Im vergangenen Winter hatte dies zu permanenten Zugausfällen und hohen Verspätungen auf dieser Strecke geführt. Thorsten Bischoff, Sprecher des saarländischen Wirtschafts- und Verkehrsministeriums, betonte die Wichtigkeit dieser Schienenanbindung und sagte: „Wir warten händeringend auf die Zulassung dieser Züge.“ Die saarländische Landesregierung könne zwar den Prozess der Zulassung der Züge nicht beschleunigen, doch müsse gemeinsam eine Lösung gefunden werden. „Die anhaltende Verzögerung ist aus Sicht des Landes sehr ärgerlich und es liegt in der Verantwortung des Herstellers, gemeinsam mit dem Eisenbahnbundesamt schnellstmöglich die technischen Voraussetzungen für die Zulassung zu schaffen“, stellte Bischoff klar.

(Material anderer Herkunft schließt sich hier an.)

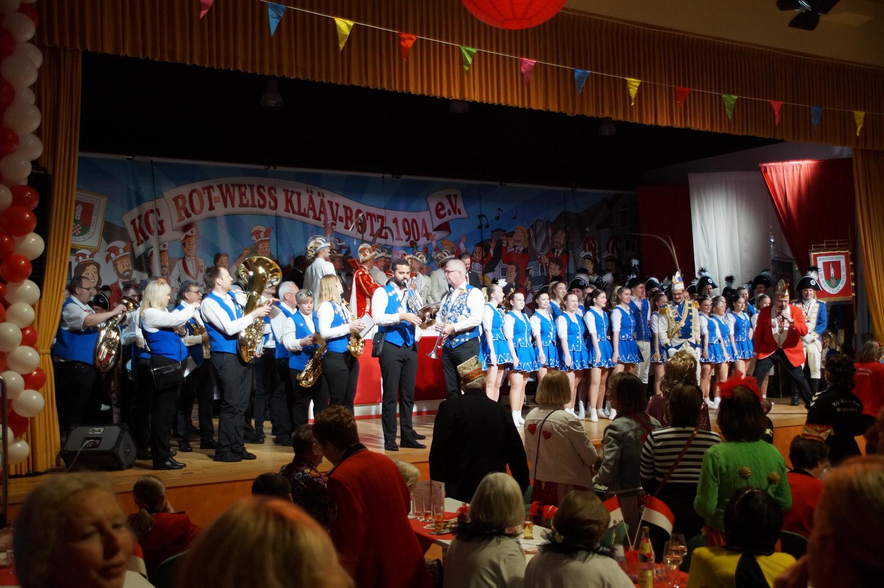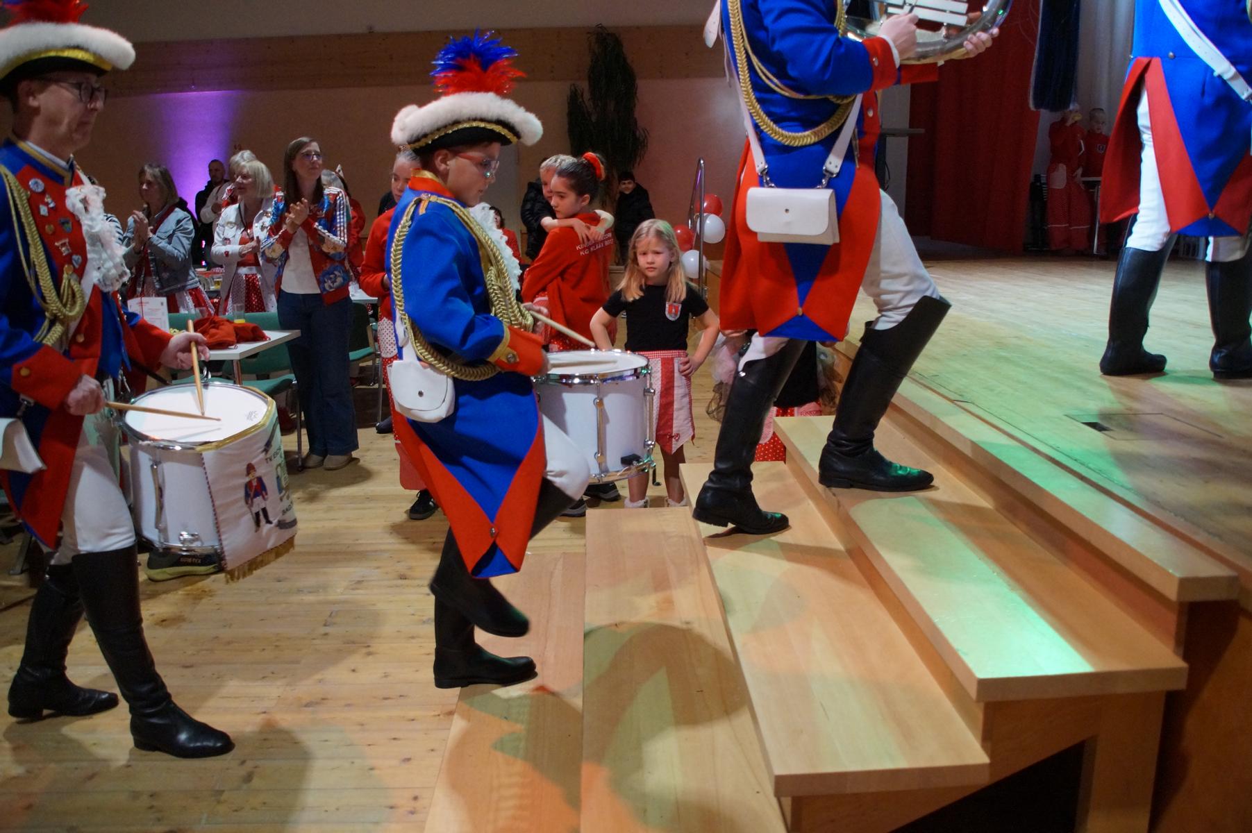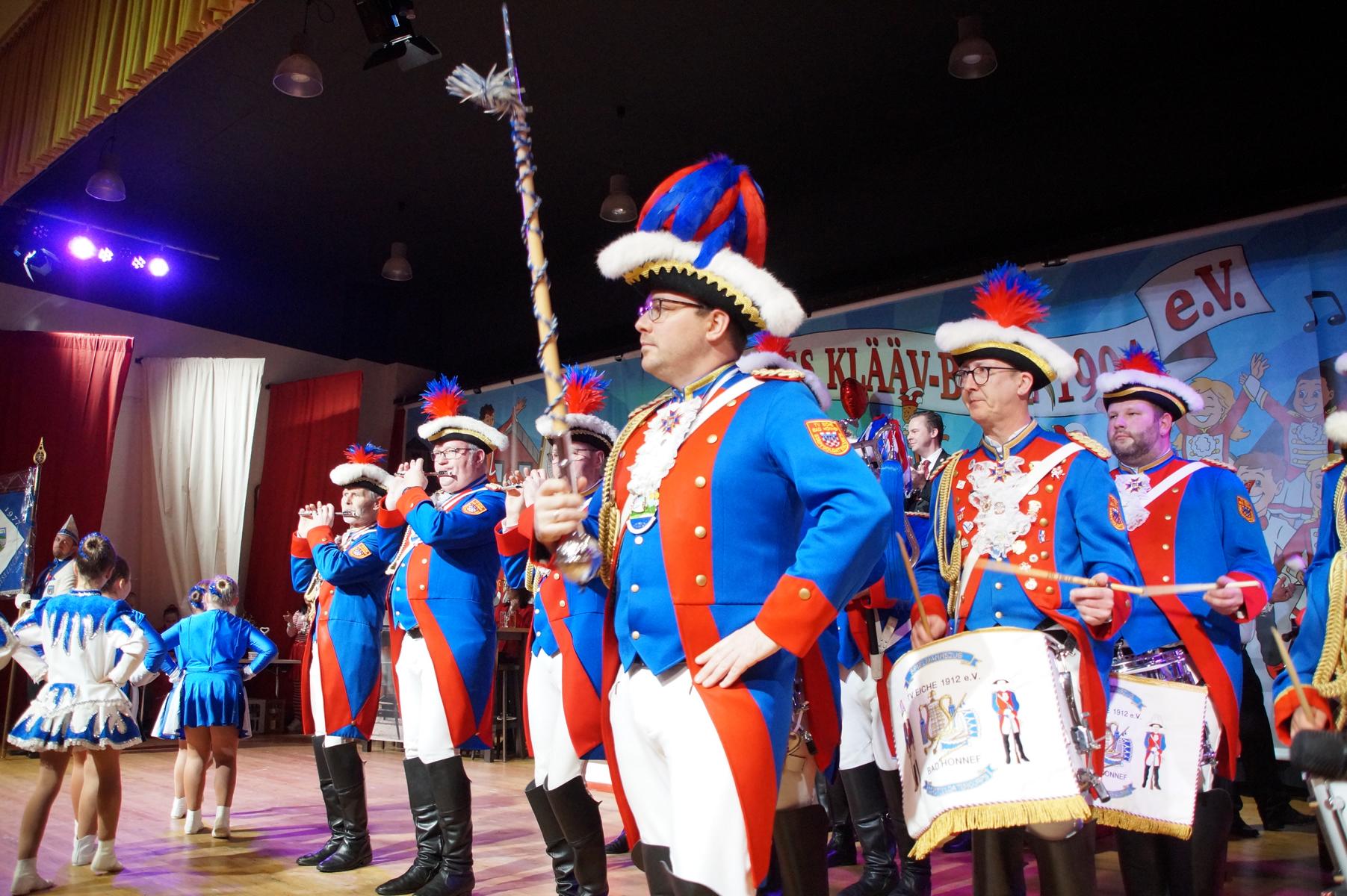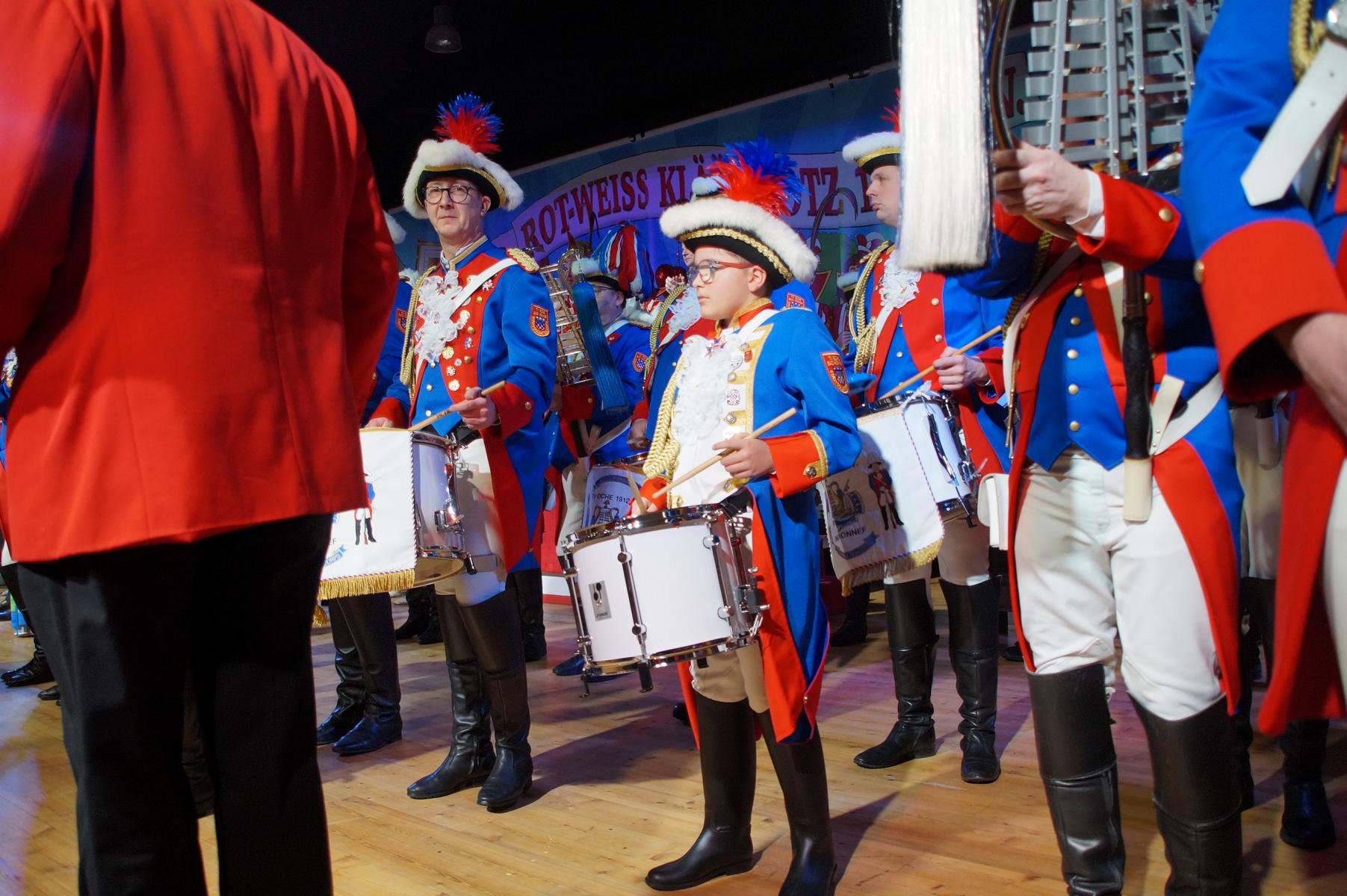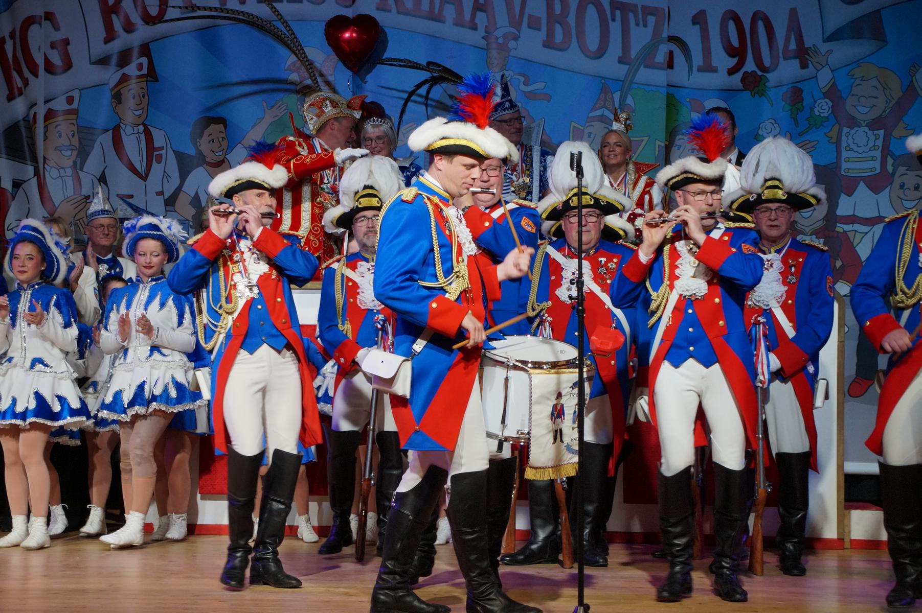 Ein weiterer Höhepunkt war der Auftritt der Prinzengarde der KG Rot-Weiß Klääv Botz, die in ihren rot-weißen Uniformen für ein eindrucksvolles Bild sorgte. Das Siebengebirgsprinzenpaar mit der Stücher KG aus Thomasberg, begleitet vom Spielmannszug der TV Eiche Bad Honnef, brachte das Bürgerhaus mit seinen Klängen noch einmal richtig in Bewegung.

Um in jede Richtung die fünf täglichen Verbindungen zwischen Paris und Frankfurt stemmen zu können, hat die Deutsche Bahn nun angekündigt, einen TGV-Hochgeschwindigkeitszug vom französischen Partnerunternehmen SNCF anzumieten. Der TGV habe eine andere Antriebstechnik und sei von den Problemen weniger betroffen. Der Sprecher des Eisenbahn- Bundesamtes (EBA) äußerte sich zurückhaltend: „Einen wesentlichen Teil des Zulassungsprozesses hat Siemens bereits nach hinten verschoben, er ist nun für November angekündigt. Das ist ein sehr enger Zeitplan, wenn man bedenkt, dass der Velaro D zum Fahrplanwechsel im Dezember 2013 in Betrieb gehen soll.“

Die für die Zulassung notwendigen Unterlagen sollten vier Monate vor dem gewünschten Starttermin beim EBA eingegangen sein. Die Bahn bemerkte zu der Situation: „Wir haben noch keinen verbindlichen Lieferplan der Baureihe 407, dem Siemens Velaro D.“ Siemens selbst sagt zum Status des offenbar aufwändigen Zulassungsprozesses nur: „Ein Endtermin kann nicht genannt werden.“




MEINUNG

Bahn soll auf den TGV setzen

Von SZ-Redakteur Thomas Sponticcia

Bisher setzte die Deutsche Bahn aus Prestigegründen nur auf den ICE und Siemens als deutschen Hersteller. Mehr noch als das Image sollte die Zuverlässigkeit zählen, bei der Herstellung der Züge und ihrer Auslieferung genauso wie bei der Bedienung der Strecke. Siemens hat die Sache „vermurkst“. Deshalb sollte die Deutsche Bahn künftig bei der französischen SNCF mehr TGV mieten oder beim französischen Hersteller Alstom solche Züge kaufen. Zumal die witterungsbedingten Störungen und Beschädigungen wegen Schotterflug nur am ICE auftreten, nicht am TGV. Es kann nicht sein, dass wegen dieses Problems im Winter ständig Züge ausfallen.